** Opening Information shown block **

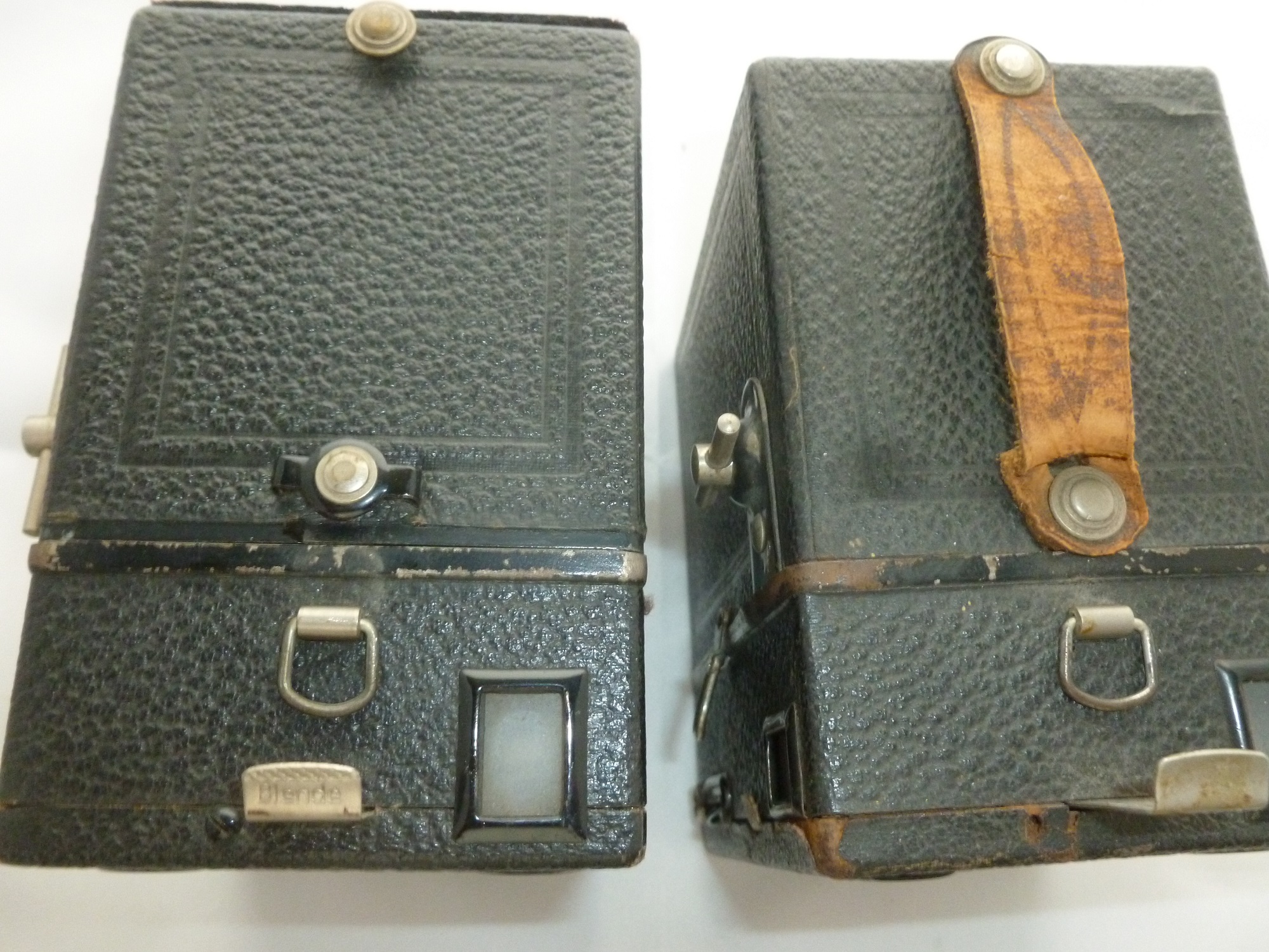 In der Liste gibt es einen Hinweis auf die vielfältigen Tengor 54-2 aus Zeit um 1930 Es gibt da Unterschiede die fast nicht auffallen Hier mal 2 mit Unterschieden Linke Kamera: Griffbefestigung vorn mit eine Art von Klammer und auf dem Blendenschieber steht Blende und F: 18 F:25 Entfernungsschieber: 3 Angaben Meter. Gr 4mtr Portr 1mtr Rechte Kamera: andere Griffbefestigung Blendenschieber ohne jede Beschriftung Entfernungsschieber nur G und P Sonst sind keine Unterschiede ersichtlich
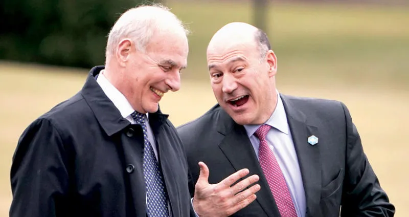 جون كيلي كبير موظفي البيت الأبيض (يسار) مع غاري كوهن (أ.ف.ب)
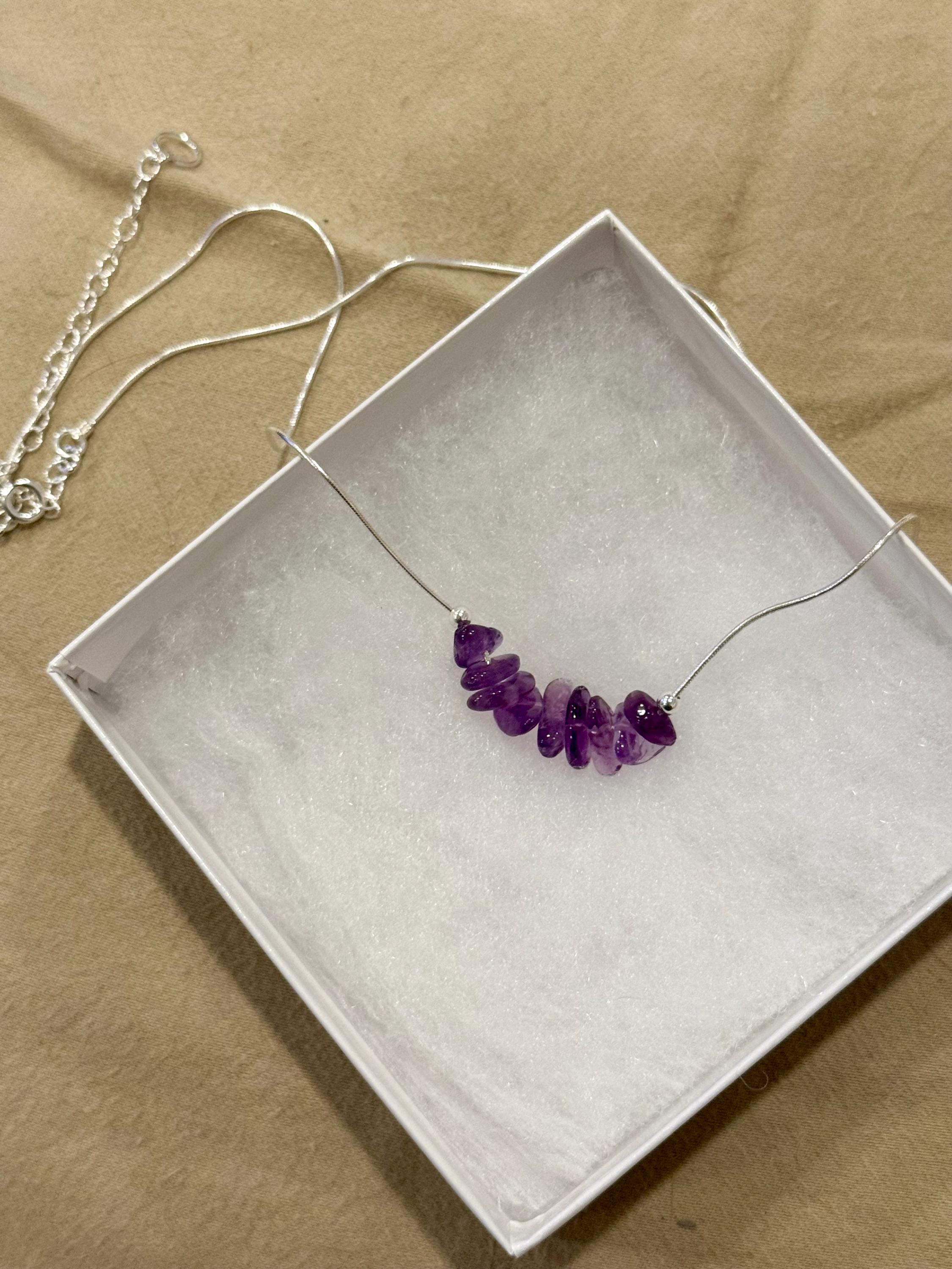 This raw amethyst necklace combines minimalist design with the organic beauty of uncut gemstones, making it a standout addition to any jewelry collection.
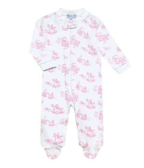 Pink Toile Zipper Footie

** Closing Information shown block **

## [What is required]
Reproduce the whole listing verbatim and keep all pictures out of it.

## [Answer to the problem]
 In der Liste gibt es einen Hinweis auf die vielfältigen Tengor 54-2 aus Zeit um 1930 Es gibt da Unterschiede die fast nicht auffallen Hier mal 2 mit Unterschieden Linke Kamera: Griffbefestigung vorn mit eine Art von Klammer und auf dem Blendenschieber steht Blende und F: 18 F:25 Entfernungsschieber: 3 Angaben Meter. Gr 4mtr Portr 1mtr Rechte Kamera: andere Griffbefestigung Blendenschieber ohne jede Beschriftung Entfernungsschieber nur G und P Sonst sind keine Unterschiede ersichtlich
 جون كيلي كبير موظفي البيت الأبيض (يسار) مع غاري كوهن (أ.ف.ب)
 This raw amethyst necklace combines minimalist design with the organic beauty of uncut gemstones, making it a standout addition to any jewelry collection.
 Pink Toile Zipper Footie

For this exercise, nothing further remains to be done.